Building Financial Independence

Building financial independence relies on a combination of decreasing cost of living, increasing the amount that is saved, and increasing the amount of money you earn from those savings. Many Americans live paycheck-to-paycheck, which means that they have no savings and no financial independence. For most of these people, building independence is not possible, but for some, financial independence simply requires budgeting.

Decreasing Cost of Living

Decreasing your cost of living helps to build both temporary and permanent independence. The less you spend, the farther the same amount of money goes—or the less you need to be earning to cover it. Therefore, decreasing your cost of living increases your temporary independence because you will be able to survive longer before you run out of money and must return to work. Decreasing your cost of living increases your permanent independence because your passive income and capital gains do not need to generate as much to cover your costs.

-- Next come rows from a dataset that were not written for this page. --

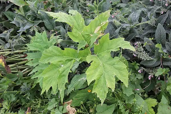 Identification: Large, jagged green leaves (up to 1.5 metres wide) with thick, purple-blotched stems with stiff white hairs. Umbrella-shaped white flower clusters (up to 1 metre wide).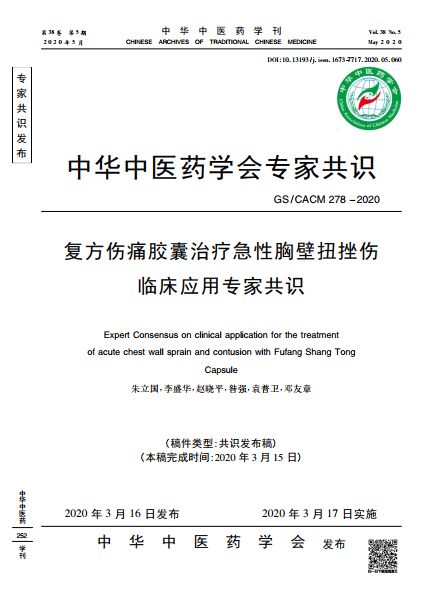 2020.03+复方伤痛胶囊治疗急性胸壁扭挫伤临床应用专家共识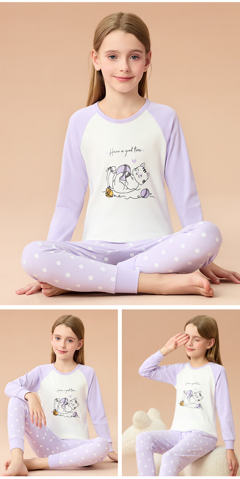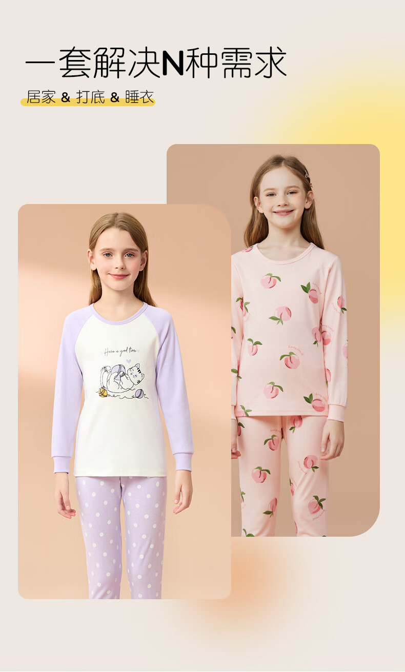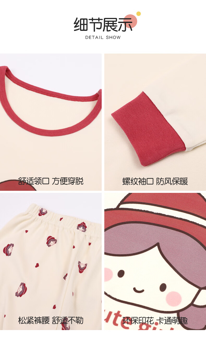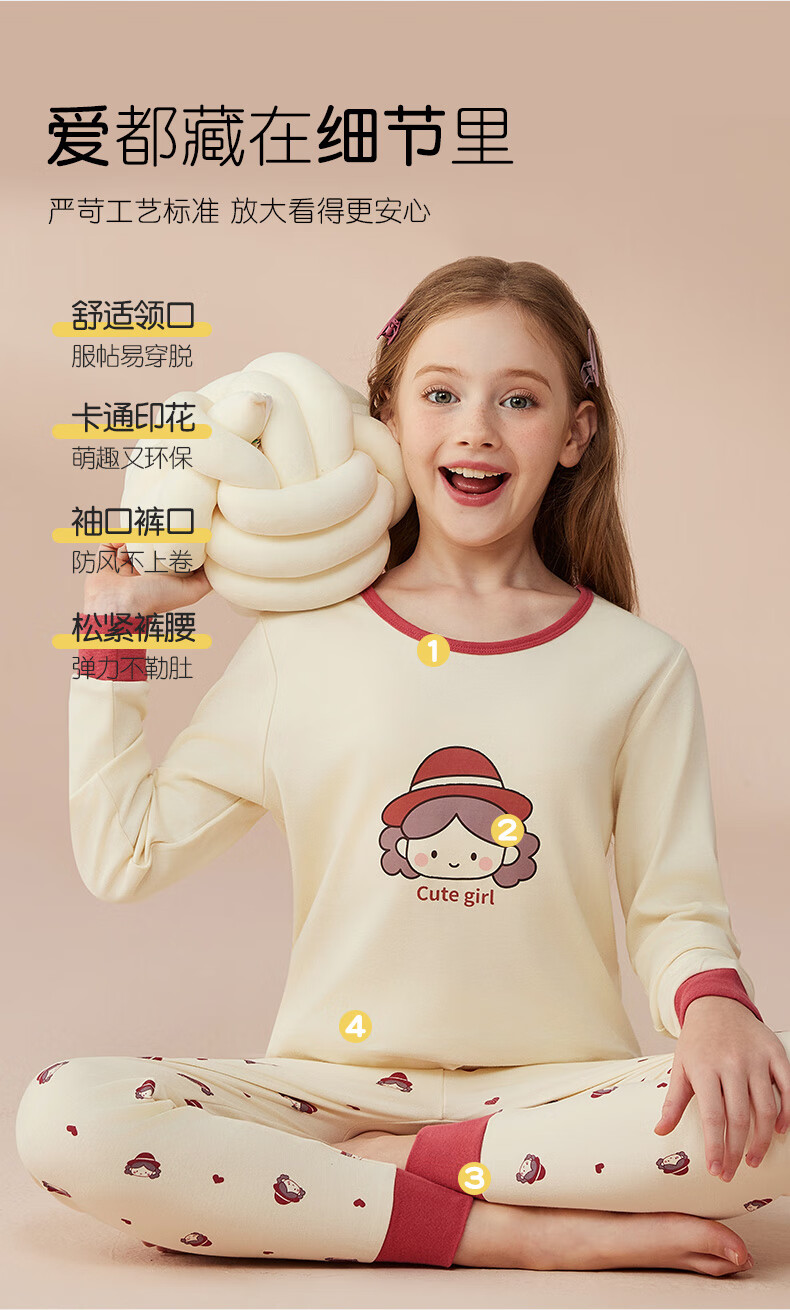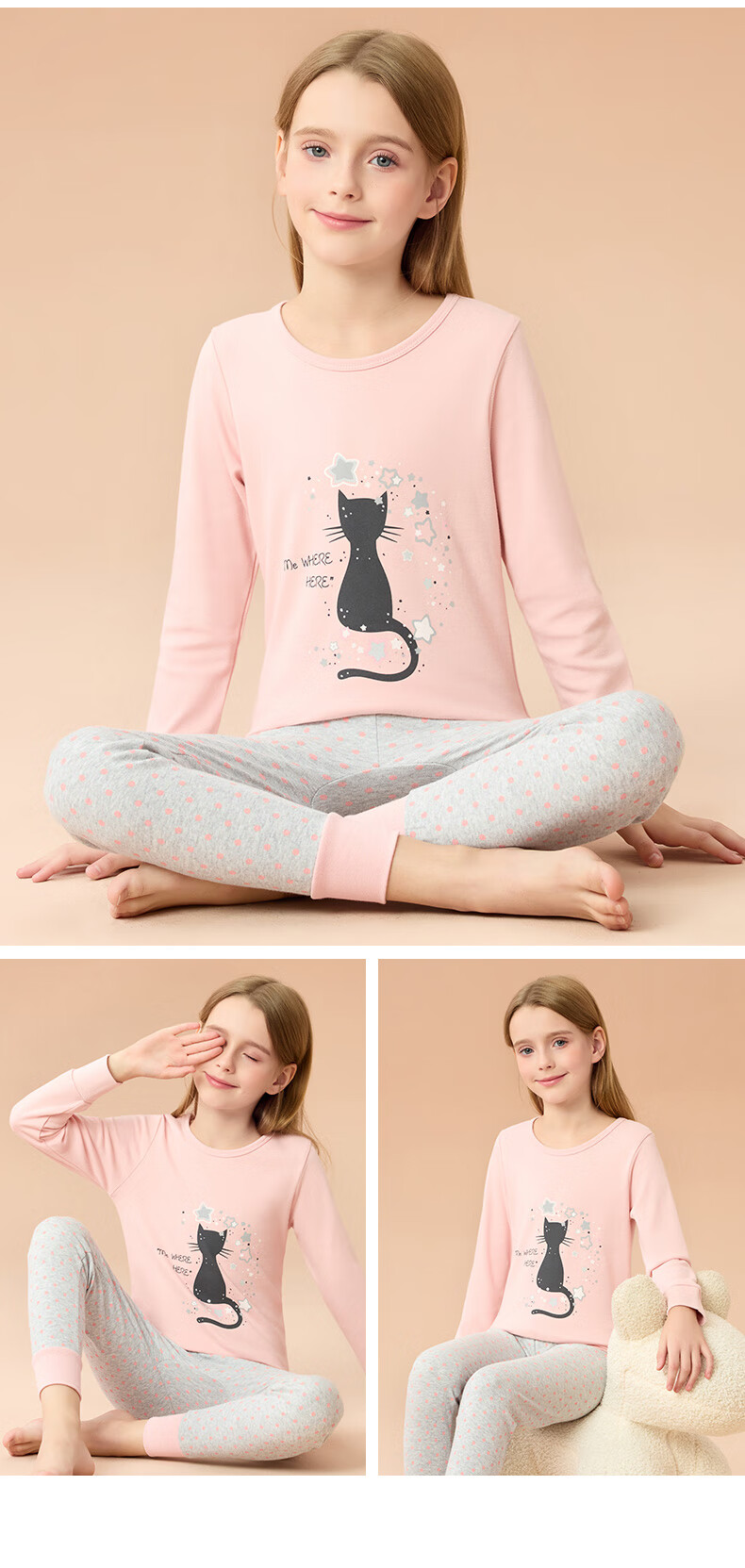 Catman Children's Underwear Set Pure Cotton Girls' Autumn Clothes and Autumn Pants Medium and Large Children's Bottoming Cotton Sweater Cute Girls 150

Perhaps just as powerful is not increasing your cost of living. “Lifestyle Creep” is the term for slowly allowing yourself to spend more money—it is the financial equivalent of failing a diet and developing a donut habit. Going shopping more often, eating out more, buying a new car instead of a used car—these are all examples of lifestyle creep. Sometimes, it is okay to allow a little lifestyle creep—we discuss that in Getting a Raise—but you should always be careful about how much you allow your lifestyle to creep.

Increasing the Amount in Savings

The most successful strategy to increase the amount you save is to set aside money from every paycheck before you spend anything. Determining how much is discussed in greater length later.

Increasing the amount in savings can increase your temporary independence by increasing the amount of money you have to live off of; and it can increase your permanent independence by increasing the amount of money that is working for you (increasing your passive income and capital gains).

Increasing the Efficiency of Savings

Your savings is more efficient when it is producing more income. Increasing the efficiency of your savings would require moving it from something like a simple savings account into something like a mutual fund or into a property to rent out. The amount you have in savings will start growing instead of staying the same. This increases your temporary financial independence by increasing the amount in your savings. This increases your permanent financial independence because it will increase your passive income and/or capital gains.

One Final Note: Factoring in Inflation

Some of you are thinking “that’s good and all, but what about inflation?” Over a long period of time, inflation matters. Inflation means that your cost of living goes up every year, even if you are not buying more things. It also means that your savings cannot buy as much next year, even though it didn’t shrink.

The solution to this lies in the efficiency of your savings. When you save your money in something like a mutual fund, it will usually (certainly on average over several years) grow faster than inflation. This means that your savings will be able to accommodate the higher cost of living. If you are permanently financially independent, you should consider the increasing cost of living that arises from inflation.